Hintergrund des Rhypark-Areals
Das Areal des ehemaligen städtischen Schlachthofs, über 40.000 Quadratmeter gross, wurde nach dessen Verlegung für den sozialen Wohnungsbau vorgesehen. Ein Wettbewerbsverfahren im Jahr 1972 führte zum Projekt von Walter Wurster. Ursprünglich umfasste es 450 Wohnungen, einen Saalbau, ein Jugendhaus, Kindergärten und ein Hallenbad.

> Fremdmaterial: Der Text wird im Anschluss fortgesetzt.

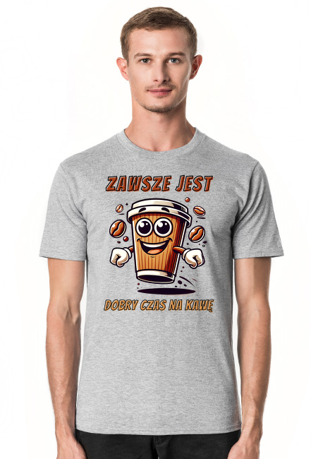 Grafika jest wykonana w wysokiej rozdzielczości, co gwarantuje jej doskonałą jakość na koszulce. Wesoła filiżanka z dynamicznym hasłem "Zawsze jest dobry czas na kawę" to idealny sposób, aby wyrazić swoją miłość do kawy. To nie tylko odzież, ale także sposób na przekazanie swojego stylu i osobowości.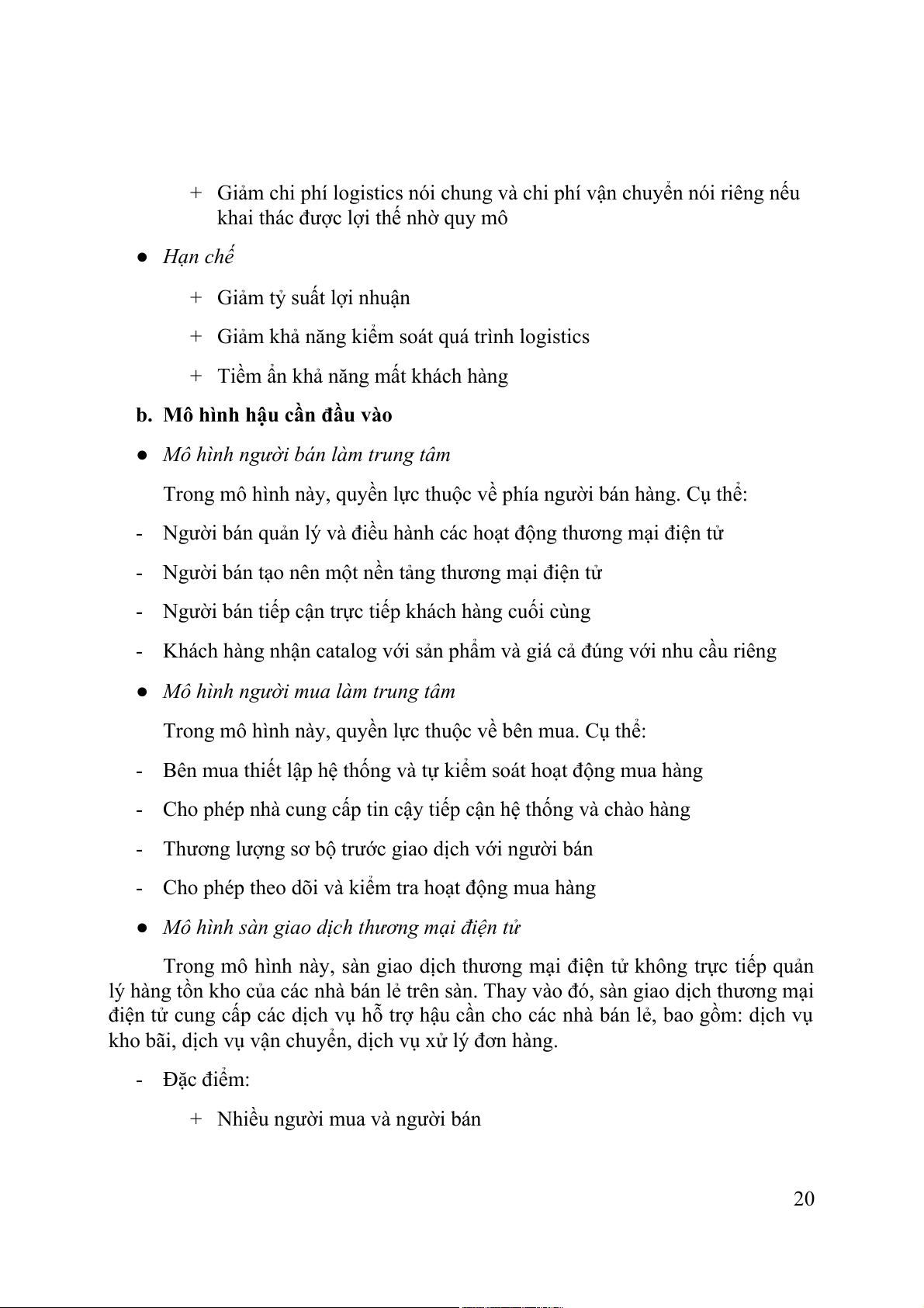 vận tải, kho bãi,... được sử dụng để thực hiện các hoạt động E - logistics. 18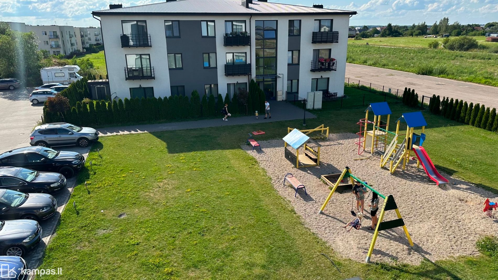 Aptvertas, saugus kiemas su atitvaru ir žaidimų aikštele vaikams.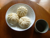 湯気の立った肉まんをフウフウいいながらかぶりつく・・・

Aufgrund einer Rezession und eines erhöhten Leerwohnungsbestands wurde der Bebauungsplan politisch überarbeitet. Statt drei Wohnblöcken mit 319 Wohnungen wurden schliesslich 102 Familienwohnungen im siebengeschossigen Block an der Mülhauserstrasse und 26 Maisonettewohnungen am Rhein realisiert. Ein grosser Teil des Areals wurde als Park- und Grünfläche gestaltet. Auch die alte Stadtgärtnerei musste für diese Parknutzung weichen.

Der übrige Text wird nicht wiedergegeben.